A Nebraska town wants renters to prove they are in the country legally, and Port Chester, NY, was forced to swallow a goofy voting scheme that makes sense only if the aim is to erase the distinction between legal and illegal immigrants.

Under the plan, imposed by a federal judge in response to a 2006 Justice Department civil-rights suit, each voter in the board of trustees election got six votes. A voter could give all six votes to one candidate, or divide them among several.

The reason: No Latinos had ever been elected to any of the six at-large seats in the suburban town, even though they make up nearly half of the population of 28,000.

That’s because many of the Latinos are here illegally, so they can’t vote. No matter. The cockeyed voting system was put in place to satisfy a claim of discrimination based on their total numbers, as though immigration status has no consequence to election results.

The judge’s ruling didn’t just cover the complicated ballot, written in both Spanish and English. CBS News said the town held 12 educational forums on the election, six in each language, and that voting machines had 114 different levers next to candidate names.

It said T-shirts, tote bags and lawn signs about the election were required by the Justice Department and everything, including reminders sent home with students, had to be in both English and Spanish and approved by bureaucrats.

Taxpayers were robbed, with the town spending $300,000 on the process and maybe $1 million in legal fees — all for an election in which 3,000 people voted. The turnout was about 25 percent of registered voters, the same as in previous elections.

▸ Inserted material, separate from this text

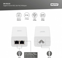 Aktívny midspan PoE injektor na vnútorné použitie kombinuje dáta aj napájanie do jedného ethernetového kábla a výrazne zjednodušuje inštaláciu sieťových zariadení. Podporuje IEEE 802.3at (PoE+) so spätnou kompatibilitou s IEEE 802.3af, poskytuje výstup 52 V DC / 0,58 A (až 30 W) a pracuje s rýchlosťami 10/100/1000 Mb/s. Dva porty RJ45 (LAN a PoE) umožnia bezproblémové napájanie a prenos dát na vzdialenosť až 100 metrov po kabli Cat5e/Cat6.

But cheer up: A Latino candidate won.

So it goes in America, circa 2010, where the principle of one-man, one-vote is tossed overboard to rig an election.

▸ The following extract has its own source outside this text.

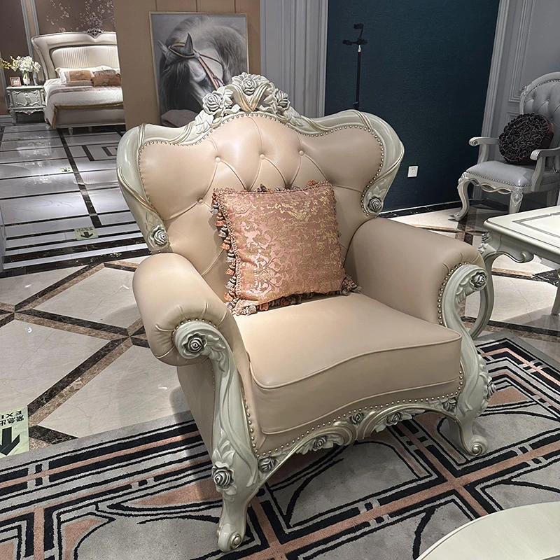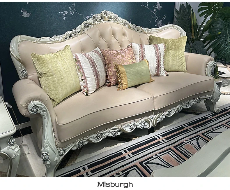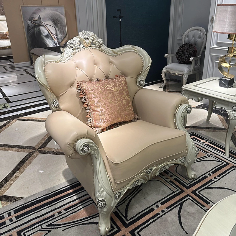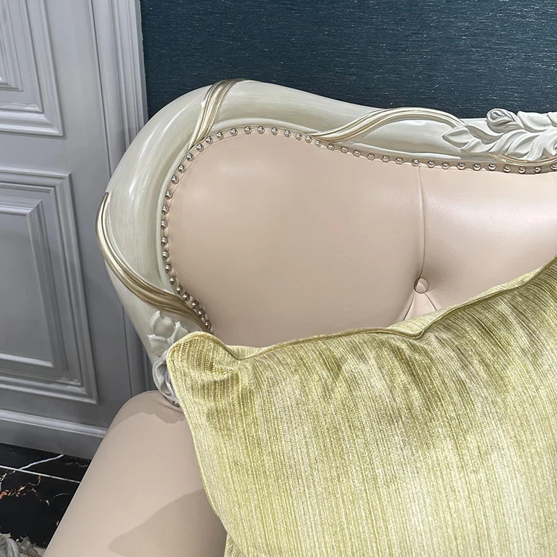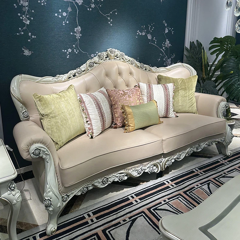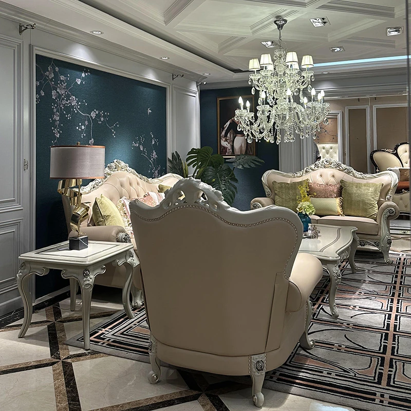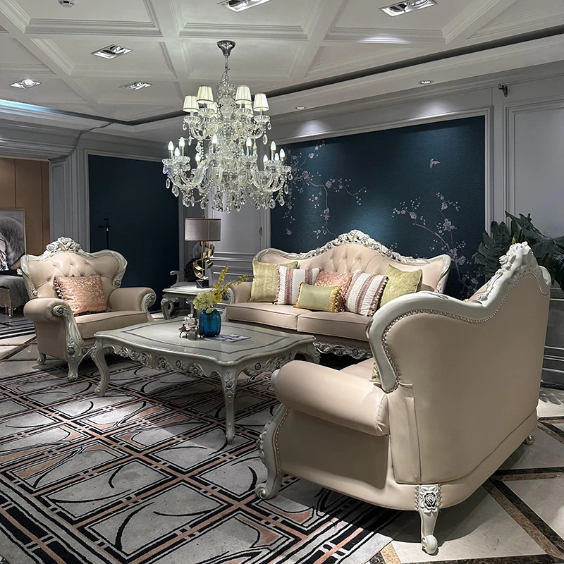 フレンチスタイルのソファ 欧風本革ミニマルラグジュアリー実木123組み合わせセット 大型別荘向け 3人掛け家具で、あなたの空間を上質に演出します!

Your toll $$ at work (oink!)

Boss Hog is the poster pig for greedy unions. Not only did Daniel Hughes steal $300,000 in dues from his members, the Port Authority union president is still in line for a disability pension, even though he’s going to prison. So, next time you’re sitting in truck-choking traffic at the GW Bridge to fork over $8, savor your contribution to Boss Hog’s comfy retirement. Feels good, right?

Bull’s-eye, Ronnie!

Don’t mess with Utah. Ronnie Lee Gardner, convicted of murder and facing lethal injection, told a judge, “I would like the firing squad, please.” Wish granted. Case closed.